Clinical Trial Details
— Status: Completed
Administrative data
NCT number |
NCT05946200 |
Other study ID # |
2023/4146 (12662) |
Secondary ID |
|
Status |
Completed |
Phase |
N/A
|
First received |
|
Last updated |
|
Start date |
May 20, 2023 |
Est. completion date |
June 25, 2023 |
Study information
Verified date |
July 2023 |
Source |
Konya City Hospital |
Contact |
n/a |
Is FDA regulated |
No |
Health authority |
|
Study type |
Interventional
|
Clinical Trial Summary
Laparoscopic cholecystectomy is one of the regularly performed laparoscopic surgical
procedures. It resulted in shorter hospital stays, improved cosmetic outcomes, and reduced
bleeding and pain. However, during laparoscopic surgeries, the pneumoperitoneum is known to
raise intracranial pressure (ICP), reduction in cerebral blood flow (CBF), and as a
consequence, cerebral hypoxia. There are various possible advantages of low-flow anesthesia.
During laparoscopic procedures, low-flow anesthesia may be used as a means of preventing a
rise in intracranial pressure and cerebral hypoxia. But low flow anesthesia effects on İCP
are not known in Laparoscopic cholecystectomy. The primary aim of this study is to compare
the effects of low-flow (0.75 l/min) and normal-flow (1.5 l/min) anesthesia on ONSD in
patients undergoing laparoscopic cholecystectomy. Seconder aims are regional cerebral oxygen
saturation (rSO2), bispectral index (BIS), and evaluate the status of cognitive function in
the postoperative 24th hours.
Description:
Laparoscopic cholecystectomy is one of the regularly performed laparoscopic surgical
procedures. It resulted in shorter hospital stays, improved cosmetic outcomes, and reduced
bleeding and pain. However, during laparoscopic surgeries, the pneumoperitoneum is known to
raise intracranial pressure (ICP), reduction in cerebral blood flow (CBF), and as a
consequence, cerebral hypoxia.
Near-infrared spectroscopy (NIRS), a noninvasive and continuous measuring method used to
evaluate the appropriateness of cerebral perfusion, is therefore utilized in conjunction with
cerebral oximetry to quantify regional tissue oxygenation. On the other, BIS is the most
reliable technique for determining the level of sedation and anesthesia. Patients experience
fewer intraoperative wake-ups thanks to BIS monitoring.

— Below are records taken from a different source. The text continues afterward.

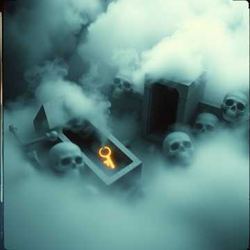 Create a looping ambient track for a cold stone tomb filled with open coffins, scattered bones, and a floating magical key, Use deep, sustained drones from low cello or organ pads, Add sparse creaking sounds, like old wood or stone lids shifting, Include subtle whisper-like textures and quiet rattling of bone or dry fabric to suggest lingering undead presence, Layer in distant, barely audible chanting or tonal murmurs with heavy reverb—no words, only texture, Occasionally include light magical hums or pulsing tones to hint at the suspended Phase Key, Avoid rhythm or melody, No percussion or vocals, The sound should be solemn, heavy, and ancient—evoking death, stillness, and waiting, Do not add horror elements; keep it eerie and reverent, Target loop length: 3–4 minutes, seamless
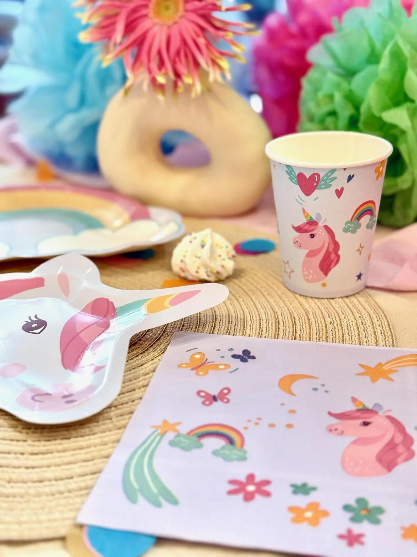 Des licornes magiques et des couleurs arc-en-ciel pour une fête féérique et joyeuse. Une collection idéale pour émerveiller les enfants.
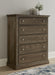 Vaughan Bassett Carlisle 5 Drawer Chest in Dark Sable 156-115. Add versatile and stylish storage to your bedroom with this five drawer chest. 2 Inch solid maple tops with planked end panels that display a patchwork of stunning streaks; wormholes; and graining. Earthiness and rich warmth gives the warm natural finish a polished look of authenticity. Oval key escutcheon plate on the top drawers with a vintage nickel drawer pull.

Increased intra-abdominal pressure,
decreased cerebrospinal fluid (CSF) absorption and obstruction of lumbar venous plexus
drainage, increased pressure in the sacral spaces' vascular compartment, and cerebral
vasodilation brought on by hypercarbia are some of the suggested mechanisms for why ICP
increases during laparoscopy. Intraventricular and intraparenchymal catheterization remains
the gold standard for determining and monitoring ICP. However, due to worries about severe
complications like bleeding, infection, and equipment failure, invasive ICP monitoring during
laparoscopic surgery is almost impossible. Recently, ultrasound-guided optic nerve sheath
diameter (ONSD) measurement is a simple and reliable method of predicting elevated ICP.

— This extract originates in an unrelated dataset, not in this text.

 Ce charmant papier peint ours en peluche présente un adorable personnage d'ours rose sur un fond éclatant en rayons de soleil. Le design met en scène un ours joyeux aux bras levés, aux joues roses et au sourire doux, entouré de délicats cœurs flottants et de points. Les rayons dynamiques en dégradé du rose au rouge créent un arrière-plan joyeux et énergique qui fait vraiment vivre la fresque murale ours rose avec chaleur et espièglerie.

There are various possible advantages of low-flow anesthesia. It boosts mucociliary
clearance, preserves body temperature, lessens fluid loss, generates savings of up to 75%,
and lowers greenhouse gas emissions as well as the cost of treatment. It also improves the
flow dynamics of the breathed air. During laparoscopic procedures, low-flow anesthesia may be
used as a means of preventing a rise in intracranial pressure and cerebral hypoxia. But low
flow anesthesia effects on İCP are not known in Laparoscopic cholecystectomy.

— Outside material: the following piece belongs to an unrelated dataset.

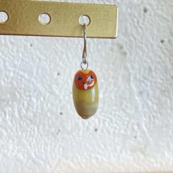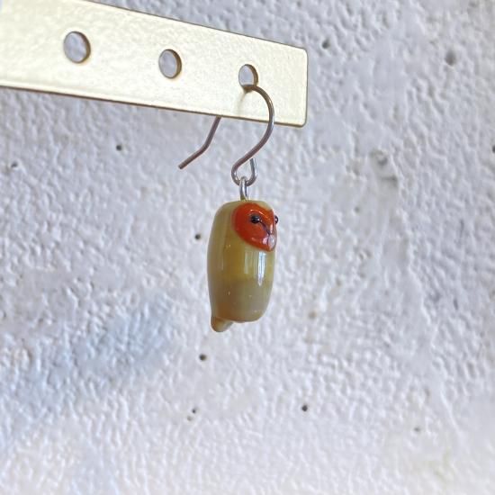 縦に長い形のメンフクロウ玉をピアスにしました。

The primary aim of this study is to compare the effects of low-flow (0.75 l/min) and
normal-flow (1.5 l/min) anesthesia on ONSD in patients undergoing laparoscopic
cholecystectomy. Seconder aims are regional cerebral oxygen saturation (rSO2), bispectral
index (BIS), and evaluate the status of cognitive function in the postoperative 24th hours.